Li no jornal, naquelas letras grandes que se usam em títulos, esta palavra espantosa: corroteirista. Senti vertigem. Asco. Deslocamento. Desviei os olhos rapidamente, mas não me livrei da imagem mental hedionda, que me acompanhou o dia inteiro. Corroteirista – de fora a fora no pára-brisa. Corroteirista – na hora do almoço, dentro do prato. Corroteirista – de olhos fechados.
Sempre defendi, por uma questão de princípio, a unificação ortográfica (que só não adotei ainda neste blog porque estamos em fase de transição, pressa pra quê?). Também sempre critiquei esse acordo pobrezinho que os doutos negociadores dos dois lados do Atlântico levaram tantos anos para alinhavar, principalmente por sua incapacidade de desbastar o ridículo emaranhado que são as regras do hífen. Nunca achei, porém, que essas ressalvas pudessem ser mais que ressalvas, invalidando o argumento central de que é melhor ter uma ortografia tosca, mas única, do que ter duas.

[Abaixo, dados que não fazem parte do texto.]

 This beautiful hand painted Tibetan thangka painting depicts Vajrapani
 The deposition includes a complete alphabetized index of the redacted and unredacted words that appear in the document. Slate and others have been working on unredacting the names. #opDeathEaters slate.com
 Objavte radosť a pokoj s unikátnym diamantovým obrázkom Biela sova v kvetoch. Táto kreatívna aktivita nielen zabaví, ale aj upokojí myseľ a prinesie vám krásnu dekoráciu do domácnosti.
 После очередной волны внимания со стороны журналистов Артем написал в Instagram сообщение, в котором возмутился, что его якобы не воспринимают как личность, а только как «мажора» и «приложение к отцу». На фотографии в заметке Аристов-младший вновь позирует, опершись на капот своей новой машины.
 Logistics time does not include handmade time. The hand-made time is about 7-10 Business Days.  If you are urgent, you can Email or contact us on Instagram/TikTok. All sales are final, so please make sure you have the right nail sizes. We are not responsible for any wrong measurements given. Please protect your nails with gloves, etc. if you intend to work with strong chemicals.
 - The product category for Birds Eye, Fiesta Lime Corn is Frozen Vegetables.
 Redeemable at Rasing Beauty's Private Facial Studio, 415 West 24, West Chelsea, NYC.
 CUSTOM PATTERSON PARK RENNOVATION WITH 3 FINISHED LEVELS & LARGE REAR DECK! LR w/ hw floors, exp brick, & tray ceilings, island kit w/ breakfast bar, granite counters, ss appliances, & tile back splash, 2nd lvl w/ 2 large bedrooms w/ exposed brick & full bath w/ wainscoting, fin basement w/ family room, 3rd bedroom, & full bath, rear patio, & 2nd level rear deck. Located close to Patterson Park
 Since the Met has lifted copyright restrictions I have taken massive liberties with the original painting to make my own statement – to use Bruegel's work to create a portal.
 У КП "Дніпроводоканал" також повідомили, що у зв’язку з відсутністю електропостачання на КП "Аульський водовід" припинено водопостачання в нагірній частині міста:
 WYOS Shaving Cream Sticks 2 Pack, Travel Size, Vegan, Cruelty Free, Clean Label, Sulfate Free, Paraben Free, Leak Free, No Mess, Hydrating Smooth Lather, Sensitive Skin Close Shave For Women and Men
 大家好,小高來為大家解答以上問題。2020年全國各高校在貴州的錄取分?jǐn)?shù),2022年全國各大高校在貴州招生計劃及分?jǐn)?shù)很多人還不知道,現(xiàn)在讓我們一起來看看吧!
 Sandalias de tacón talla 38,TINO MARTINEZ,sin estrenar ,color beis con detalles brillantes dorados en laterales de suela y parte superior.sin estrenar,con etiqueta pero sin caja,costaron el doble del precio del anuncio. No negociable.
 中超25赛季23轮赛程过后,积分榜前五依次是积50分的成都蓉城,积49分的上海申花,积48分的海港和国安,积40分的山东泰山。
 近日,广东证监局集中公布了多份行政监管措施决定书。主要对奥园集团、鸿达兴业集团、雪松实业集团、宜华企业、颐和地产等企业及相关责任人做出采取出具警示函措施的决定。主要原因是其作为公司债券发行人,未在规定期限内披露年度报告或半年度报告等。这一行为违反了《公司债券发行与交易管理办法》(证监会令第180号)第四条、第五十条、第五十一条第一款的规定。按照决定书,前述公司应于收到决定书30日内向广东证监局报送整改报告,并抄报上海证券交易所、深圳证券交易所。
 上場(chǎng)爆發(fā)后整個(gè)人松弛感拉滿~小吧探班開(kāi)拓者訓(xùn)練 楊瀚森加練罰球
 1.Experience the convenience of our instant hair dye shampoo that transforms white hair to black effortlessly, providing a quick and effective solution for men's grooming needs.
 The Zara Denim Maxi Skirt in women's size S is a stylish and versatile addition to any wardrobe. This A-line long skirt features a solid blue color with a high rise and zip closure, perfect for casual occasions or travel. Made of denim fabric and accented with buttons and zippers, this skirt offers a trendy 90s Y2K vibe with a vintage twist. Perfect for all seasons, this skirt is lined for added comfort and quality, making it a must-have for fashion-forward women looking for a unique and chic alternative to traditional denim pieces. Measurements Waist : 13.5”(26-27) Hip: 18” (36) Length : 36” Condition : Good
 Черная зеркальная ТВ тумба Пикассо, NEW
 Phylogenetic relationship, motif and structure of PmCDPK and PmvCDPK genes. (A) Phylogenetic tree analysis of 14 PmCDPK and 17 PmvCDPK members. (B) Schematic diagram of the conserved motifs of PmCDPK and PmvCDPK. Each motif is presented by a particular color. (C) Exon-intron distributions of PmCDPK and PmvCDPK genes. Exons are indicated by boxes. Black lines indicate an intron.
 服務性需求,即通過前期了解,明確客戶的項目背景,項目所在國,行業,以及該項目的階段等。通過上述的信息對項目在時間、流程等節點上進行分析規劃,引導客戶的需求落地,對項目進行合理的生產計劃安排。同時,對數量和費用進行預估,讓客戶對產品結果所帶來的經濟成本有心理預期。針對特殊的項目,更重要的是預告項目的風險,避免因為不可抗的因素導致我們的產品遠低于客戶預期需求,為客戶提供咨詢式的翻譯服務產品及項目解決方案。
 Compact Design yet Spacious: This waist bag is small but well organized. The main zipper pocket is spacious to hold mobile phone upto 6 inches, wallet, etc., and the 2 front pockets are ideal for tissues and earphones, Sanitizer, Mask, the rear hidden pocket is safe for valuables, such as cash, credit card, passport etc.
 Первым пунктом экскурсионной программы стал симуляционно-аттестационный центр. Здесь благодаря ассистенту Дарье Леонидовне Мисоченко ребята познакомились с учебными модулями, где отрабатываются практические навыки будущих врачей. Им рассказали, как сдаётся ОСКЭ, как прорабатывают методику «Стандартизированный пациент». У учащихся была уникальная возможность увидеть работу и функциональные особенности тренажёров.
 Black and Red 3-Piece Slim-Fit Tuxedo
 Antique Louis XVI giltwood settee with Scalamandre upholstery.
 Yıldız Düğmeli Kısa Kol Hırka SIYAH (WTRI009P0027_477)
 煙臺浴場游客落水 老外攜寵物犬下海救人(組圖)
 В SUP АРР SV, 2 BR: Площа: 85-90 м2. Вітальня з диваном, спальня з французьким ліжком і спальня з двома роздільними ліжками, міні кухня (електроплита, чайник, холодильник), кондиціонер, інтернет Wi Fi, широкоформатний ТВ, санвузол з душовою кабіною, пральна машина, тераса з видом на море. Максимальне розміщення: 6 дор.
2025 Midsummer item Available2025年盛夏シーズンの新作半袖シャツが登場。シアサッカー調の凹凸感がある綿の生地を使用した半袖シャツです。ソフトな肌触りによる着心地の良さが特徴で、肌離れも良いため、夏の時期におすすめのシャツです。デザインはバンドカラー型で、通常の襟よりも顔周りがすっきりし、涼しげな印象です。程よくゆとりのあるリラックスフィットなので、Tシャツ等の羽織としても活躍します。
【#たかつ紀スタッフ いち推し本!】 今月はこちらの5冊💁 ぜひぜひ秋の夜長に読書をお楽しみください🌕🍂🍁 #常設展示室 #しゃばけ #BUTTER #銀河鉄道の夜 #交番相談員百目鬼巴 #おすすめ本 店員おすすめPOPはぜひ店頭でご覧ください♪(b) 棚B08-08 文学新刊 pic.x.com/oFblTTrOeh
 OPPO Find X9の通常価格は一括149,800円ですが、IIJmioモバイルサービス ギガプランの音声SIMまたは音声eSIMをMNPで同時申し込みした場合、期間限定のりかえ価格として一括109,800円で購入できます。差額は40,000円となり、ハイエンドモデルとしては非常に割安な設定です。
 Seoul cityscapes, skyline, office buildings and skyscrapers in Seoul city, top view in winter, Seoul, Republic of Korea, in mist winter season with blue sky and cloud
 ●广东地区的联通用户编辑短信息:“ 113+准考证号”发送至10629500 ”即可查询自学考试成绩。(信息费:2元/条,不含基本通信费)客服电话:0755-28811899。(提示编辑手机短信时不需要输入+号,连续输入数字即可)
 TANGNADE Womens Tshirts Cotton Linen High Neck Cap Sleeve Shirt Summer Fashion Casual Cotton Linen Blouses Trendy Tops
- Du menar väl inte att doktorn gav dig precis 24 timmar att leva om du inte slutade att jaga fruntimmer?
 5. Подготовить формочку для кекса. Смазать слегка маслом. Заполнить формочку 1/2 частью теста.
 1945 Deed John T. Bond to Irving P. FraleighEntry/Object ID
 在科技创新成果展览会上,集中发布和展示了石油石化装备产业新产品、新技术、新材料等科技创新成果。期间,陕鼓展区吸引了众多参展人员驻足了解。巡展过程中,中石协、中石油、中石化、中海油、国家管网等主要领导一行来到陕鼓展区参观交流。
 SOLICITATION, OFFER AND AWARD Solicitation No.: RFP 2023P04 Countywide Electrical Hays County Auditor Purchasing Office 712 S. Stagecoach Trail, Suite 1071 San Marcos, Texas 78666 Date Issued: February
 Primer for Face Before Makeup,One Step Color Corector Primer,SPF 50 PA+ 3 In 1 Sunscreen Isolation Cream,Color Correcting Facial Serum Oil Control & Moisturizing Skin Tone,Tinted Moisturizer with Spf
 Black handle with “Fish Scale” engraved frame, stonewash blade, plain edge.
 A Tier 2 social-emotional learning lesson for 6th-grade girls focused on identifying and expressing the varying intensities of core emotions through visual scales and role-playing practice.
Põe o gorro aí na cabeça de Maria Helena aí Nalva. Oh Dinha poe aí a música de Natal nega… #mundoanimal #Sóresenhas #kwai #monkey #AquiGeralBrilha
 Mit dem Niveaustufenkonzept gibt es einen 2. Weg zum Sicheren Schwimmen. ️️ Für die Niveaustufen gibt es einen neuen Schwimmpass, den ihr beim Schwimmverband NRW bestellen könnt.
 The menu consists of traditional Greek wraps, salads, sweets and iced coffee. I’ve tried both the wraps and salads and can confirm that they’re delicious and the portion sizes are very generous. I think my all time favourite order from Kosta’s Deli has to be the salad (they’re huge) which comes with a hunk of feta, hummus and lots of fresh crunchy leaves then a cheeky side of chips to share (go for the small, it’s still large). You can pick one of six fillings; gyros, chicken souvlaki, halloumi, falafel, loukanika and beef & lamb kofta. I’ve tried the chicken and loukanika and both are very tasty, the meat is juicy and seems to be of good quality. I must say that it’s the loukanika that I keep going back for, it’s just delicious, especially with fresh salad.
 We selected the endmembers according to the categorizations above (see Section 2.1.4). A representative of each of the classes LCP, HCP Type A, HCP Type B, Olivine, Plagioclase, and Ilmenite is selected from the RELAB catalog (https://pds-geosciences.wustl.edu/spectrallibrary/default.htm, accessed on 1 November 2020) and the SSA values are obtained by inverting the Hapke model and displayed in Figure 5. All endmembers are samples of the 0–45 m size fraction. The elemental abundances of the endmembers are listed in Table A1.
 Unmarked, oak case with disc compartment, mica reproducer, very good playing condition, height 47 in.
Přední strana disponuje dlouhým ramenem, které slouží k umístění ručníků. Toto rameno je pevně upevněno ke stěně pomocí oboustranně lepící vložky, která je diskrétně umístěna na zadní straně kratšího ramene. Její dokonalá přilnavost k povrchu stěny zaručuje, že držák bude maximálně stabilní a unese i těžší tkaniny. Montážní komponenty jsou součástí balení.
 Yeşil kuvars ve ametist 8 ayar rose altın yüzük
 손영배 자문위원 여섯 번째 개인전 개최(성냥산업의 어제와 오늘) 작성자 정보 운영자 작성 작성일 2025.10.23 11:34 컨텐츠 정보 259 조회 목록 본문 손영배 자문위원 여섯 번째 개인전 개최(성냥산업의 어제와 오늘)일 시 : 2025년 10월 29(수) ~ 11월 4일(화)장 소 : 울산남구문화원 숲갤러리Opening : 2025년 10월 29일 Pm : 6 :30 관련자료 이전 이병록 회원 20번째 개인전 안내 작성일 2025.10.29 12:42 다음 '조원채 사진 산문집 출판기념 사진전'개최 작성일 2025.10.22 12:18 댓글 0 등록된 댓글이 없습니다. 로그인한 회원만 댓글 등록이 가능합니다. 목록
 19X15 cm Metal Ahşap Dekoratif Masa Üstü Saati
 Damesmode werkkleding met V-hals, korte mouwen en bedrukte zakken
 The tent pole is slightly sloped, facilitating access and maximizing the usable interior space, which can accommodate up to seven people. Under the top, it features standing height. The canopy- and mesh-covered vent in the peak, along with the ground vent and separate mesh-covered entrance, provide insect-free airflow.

Mas isso foi antes de encontrar para nunca mais esquecer, na vida de minhas retinas tão fatigadas, o inominável corroteirista. O corroteirista rompe todos os cojones, corrói minhas convicções. Não sei de mais nada. Me limito a torcer para que, em nome do bom gosto, da elegância, da harmonia entre as letrinhas, esse negócio de corroteirizar caia rapidamente em desuso na cultura cinematográfica. Corra da corroteirização, roteirista! Por que se meter em corriola? Trabalhe sozinho, apartado dos colegas, em magnífico isolamento, é o apelo que faço. Só assim será possível acreditar que esse acordo ortográfico é uma boa idéia, apesar de todos os seus pecados.
36 Comentários
Eu avisei, eu avisei, eu avisei… Os sonhos da unificação produzem monstros, diria Goya.
Gênio.
Esses sujeitos que ajudaram a fazer a unificação, são mesmos uns correteiros!
Imagina então se o Co-réu de um processo criminal evitou a preisão evadindo em velocidade: O Corréu fugiu correndo. Ou se o Co-réu é piloto de alguma categoria automobilística? O “Corréu correu”.
a reforma, quem diria, impactará negativamente no trabalho de equipe, e também dará combustível aos maus poetas. eu disse, eu disse.
Continuo ignorando tudo isso… os revisores que se virem.
essa reforma é uma babaquice.
Meu pânico é com o para, sem acento. Lembra do caminhão que virou no Rebouças ? No dia seguinte, estava no Globo: Caminhão vira no Rebouças e para o Rio…
Fiquei pensando: para o Rio o quê ? Para o Rio tudo, para o Rio nada, então como é que é ? É big, é big, é hora é hora é hora…
Corroteirsta é uma palavra medonha. Me assustei quando abri o seu blog. 😉
Corroteirista.
A gente se acostuma…
Também ando com preguiça de aderir a essa reforma. A única mudança que fiz foi tirar o acento de ideia. Acho que, como um bom brasileiro, vou deixar para aderir no último dia do prazo.
abraço
w.m.carvalho
Essa reforma já produziu alguns exemplares bastante bizarros, mas de fato corroteirista é de doer. Eu, que volta-e-meia pego frilas de roteirista, vou passar bem longe desses trabalhos de co-autoria. (Ou será coautoria?)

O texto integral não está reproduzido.